International Women’s Day is the perfect time to introduce Francesca Mancini, the newest member of the CPSP team. We had a chat to find out more about her role.
Tell us what you hope to achieve through your work with CPSP?
I was delighted to accept the invitation to join the CPSP team as it gives me the opportunity to capitalize on the experience gained over several years of work on pesticide risk reduction in agriculture. My role in the team is to enhance CPSP action in South Asian countries. This includes strengthening national and regional capacity and collaboration on identification, reporting, regulation, replacement, and monitoring of Highly Hazardous Pesticides.
It is, in particular, the word “replacement” that make me excited about the role. The social, environmental and economic adverse effects of Highly Hazardous Pesticides have been largely described and documented. Global awareness of the need and the benefits generated by the elimination of their use from agriculture is today much more solid than it was when I started 20 years ago. However, there is still work to do to build the confidence of Governments, farmers and industry on the cost-effectiveness of ecological alternatives. This is the area I hope I’ll be able to contribute the most.
What is your background and how has it prepared you for this role?
I’m a tropical agronomist. As soon as I graduated from University, I was recruited by the Food and Agriculture Organization of the United Nations and posted to India where I lived for about 8 years in cotton growing communities. The use of pesticides on cotton in the 90s had gone seriously out of control. Organophosphates were applied 20-25 times per crop cycle. Pest outbreaks and crop failures were the norm. Farmers were trapped in a negative economic and social spiral that often led to the tragic outcomes. Working with them in the field, day after day, to regenerate their farming systems was the most convincing evidence that agriculture is better off without the heavy use of synthetic chemicals. Ever since, I have worked in Asia, Africa, Middle East and now the Pacific in programme aimed at mainstreaming policies and practices for ecological agriculture.
Why is it important to focus on Highly Hazardous Pesticides (HHPs)?

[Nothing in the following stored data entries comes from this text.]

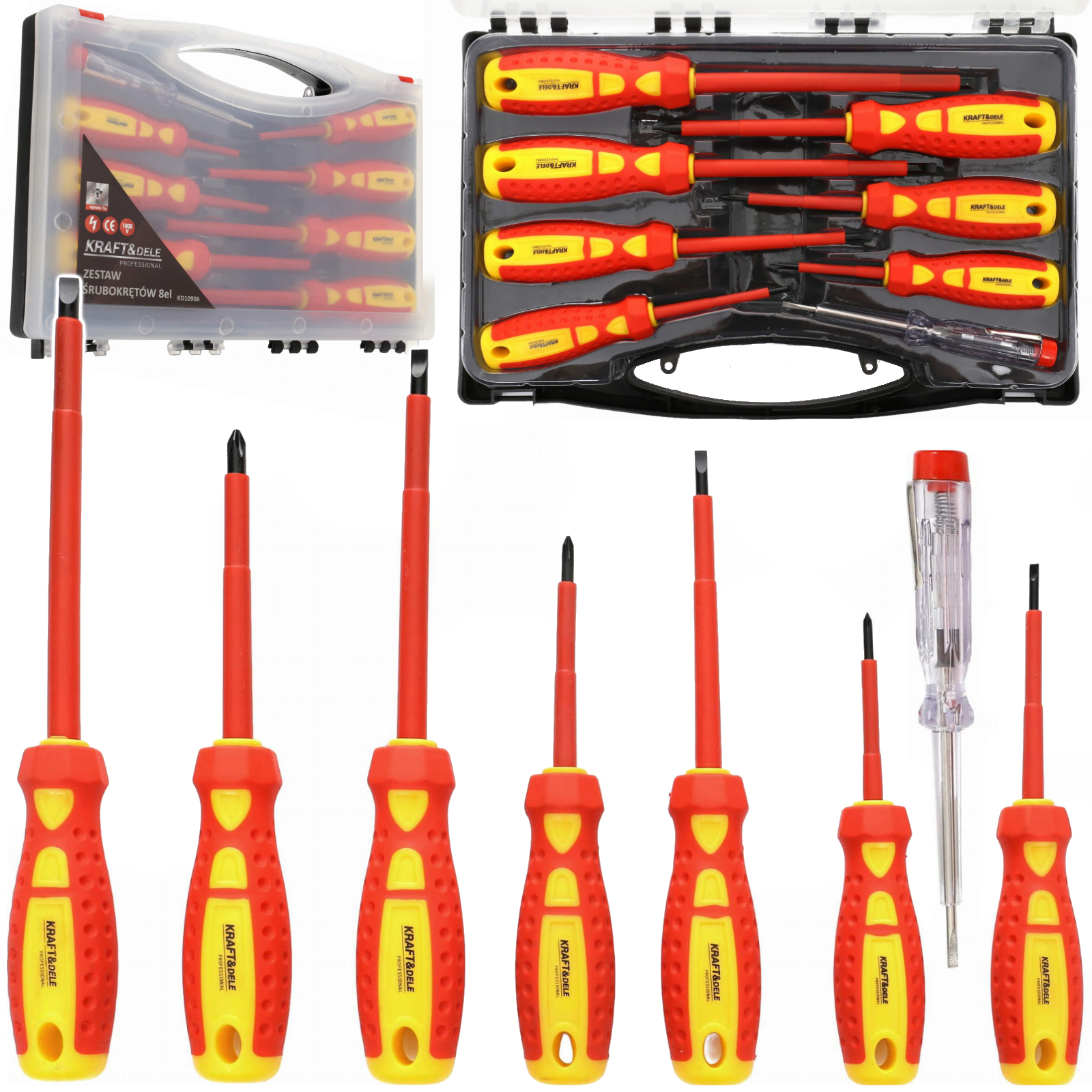 Kompletny zestaw – zawiera wkrętaki płaskie, krzyżowe oraz próbnik napięcia.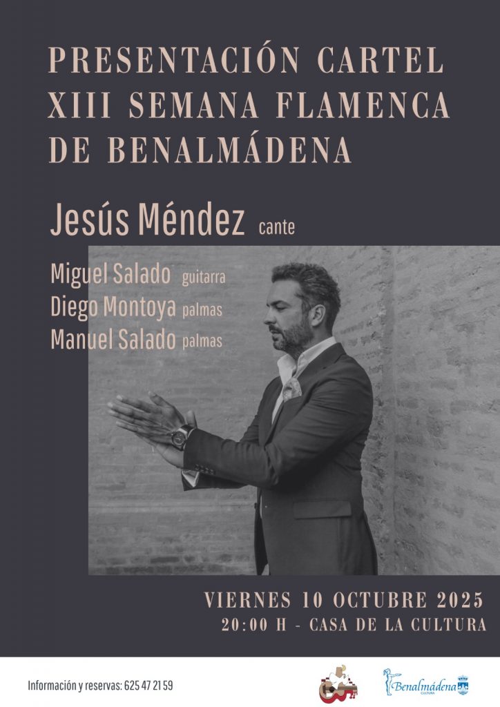 20.00 horas. Casa de la Cultura de Arroyo de la Miel. Presentación del cartel de la XIII Semana Flamenca de Benalmádena, organizada por la Peña La Repompa con la colaboración del Ayuntamiento benalmadense. Jesús Méndez, al cante, Miguel Salado, a la guitarra, y Diego Montoya y Miguel Salado, a las palmas.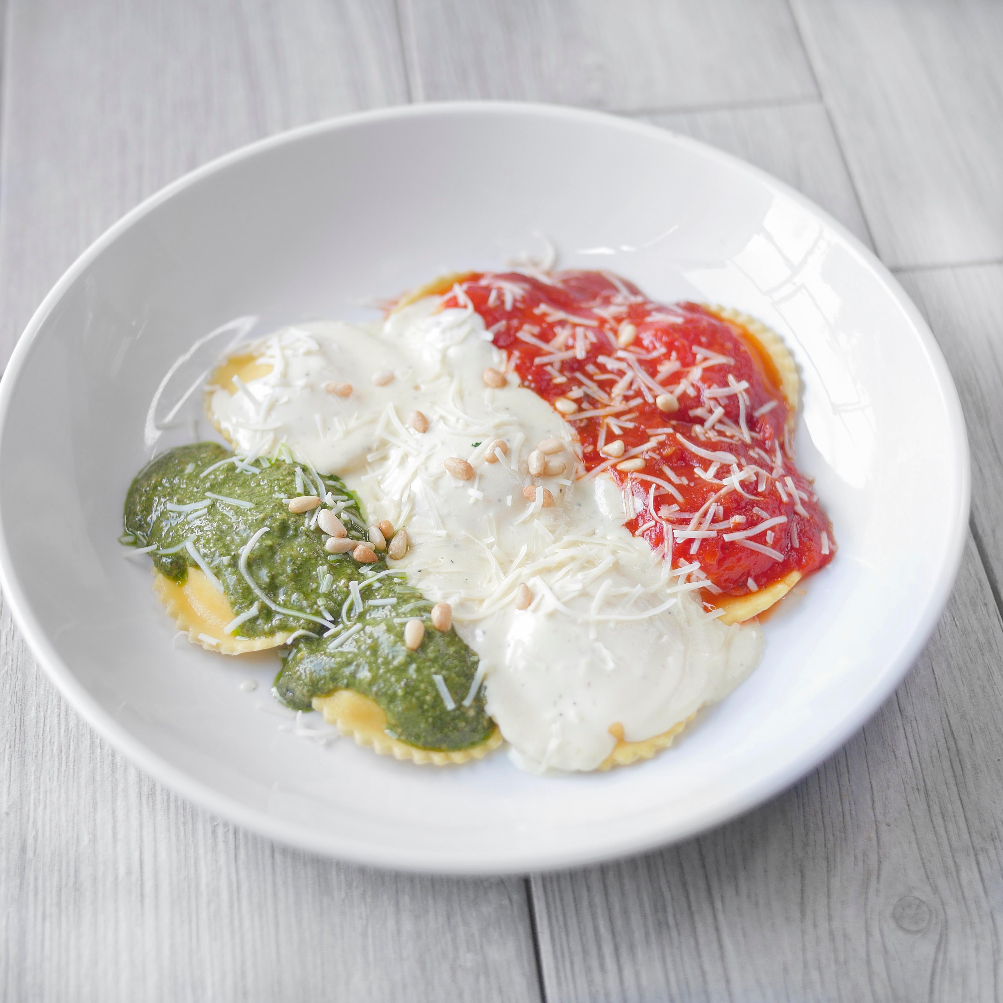 Jumbo ravioli stuffed with salted ricotta and topped with three sauces: tomato, cream, and pesto.

I can think of several reasons why we need to focus on Highly Hazardous Pesticides. These actives can cause severe irreversible effects on human health and the environment. Safety measures have proven to be inadequate, completely impractical in developing countries to minimize exposure. Highly Hazardous Pesticides’ easy access has made them one of the most common means of suicide worldwide, accounting for 15-20 percent of all suicides. Whereas, I can’t think of a single reason why their use should be retained. They are primarily, although not only, older generation, off-patent chemicals. They can and have been replaced in countries that have made the right commitment and invested appropriate resources.

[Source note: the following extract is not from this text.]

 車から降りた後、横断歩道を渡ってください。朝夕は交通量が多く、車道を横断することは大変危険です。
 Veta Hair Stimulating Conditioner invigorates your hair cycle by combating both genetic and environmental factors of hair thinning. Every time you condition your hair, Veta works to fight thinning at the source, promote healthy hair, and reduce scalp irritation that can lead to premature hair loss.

What do you think are the biggest challenges facing you?
One big challenge we all face are the vested, economic interests of the pesticide industry. I’d like to believe that there is enough evidence by now that eliminating Highly Hazardous Pesticides is in the public interest and that this obstacle can finally be broken down.
A personal challenge is possibly working remotely. I believe that the best changes happen when the right people come together at the right time. This, however, can be overcome by working closely with the CPSP staff based in the countries and with the extensive, formal and informal networks of practitioners that are in the region and with whom I have collaborated over the years.